Required action: Please restate each line of the data below exactly. Omit all images.

*** Opening Recorded information ***

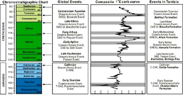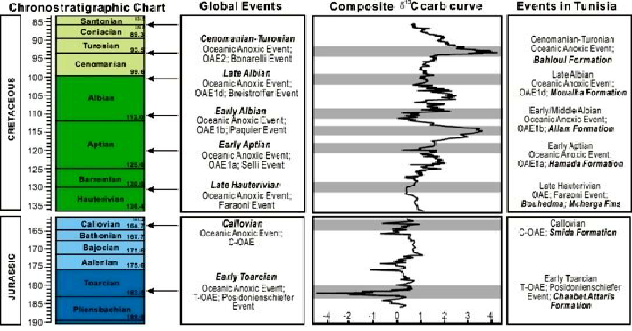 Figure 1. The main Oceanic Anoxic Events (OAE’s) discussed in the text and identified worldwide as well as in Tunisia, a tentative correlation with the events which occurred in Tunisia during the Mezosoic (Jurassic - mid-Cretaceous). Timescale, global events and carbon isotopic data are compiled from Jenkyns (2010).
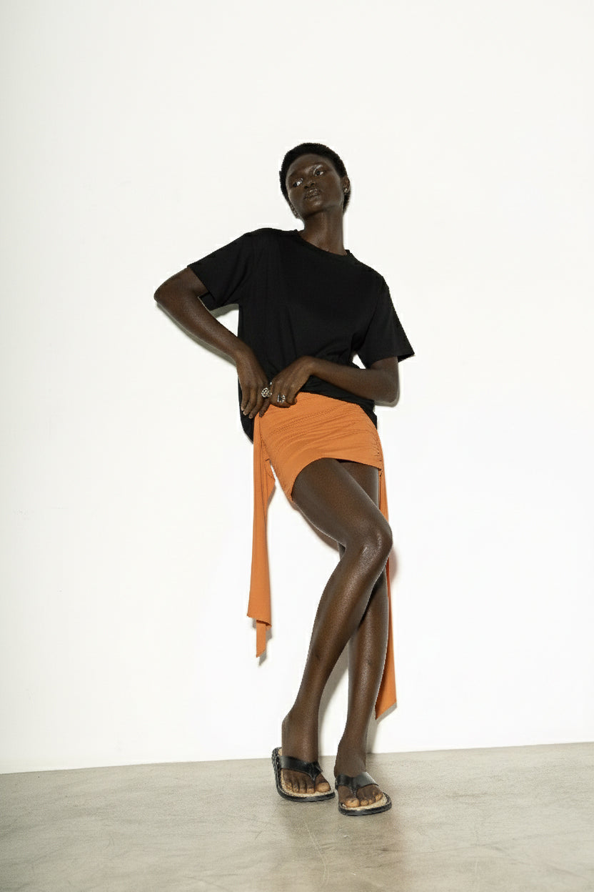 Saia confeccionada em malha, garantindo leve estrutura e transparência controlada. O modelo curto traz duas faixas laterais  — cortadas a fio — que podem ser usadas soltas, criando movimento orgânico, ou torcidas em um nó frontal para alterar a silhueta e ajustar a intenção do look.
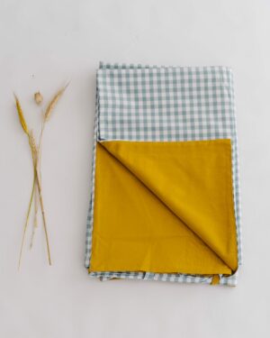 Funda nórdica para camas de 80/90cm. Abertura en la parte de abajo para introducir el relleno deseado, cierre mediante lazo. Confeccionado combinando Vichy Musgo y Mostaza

*** Closing Recorded information ***

Solution for this problem:
 Figure 1. The main Oceanic Anoxic Events (OAE’s) discussed in the text and identified worldwide as well as in Tunisia, a tentative correlation with the events which occurred in Tunisia during the Mezosoic (Jurassic - mid-Cretaceous). Timescale, global events and carbon isotopic data are compiled from Jenkyns (2010).
 Saia confeccionada em malha, garantindo leve estrutura e transparência controlada. O modelo curto traz duas faixas laterais  — cortadas a fio — que podem ser usadas soltas, criando movimento orgânico, ou torcidas em um nó frontal para alterar a silhueta e ajustar a intenção do look.
 Funda nórdica para camas de 80/90cm. Abertura en la parte de abajo para introducir el relleno deseado, cierre mediante lazo. Confeccionado combinando Vichy Musgo y Mostaza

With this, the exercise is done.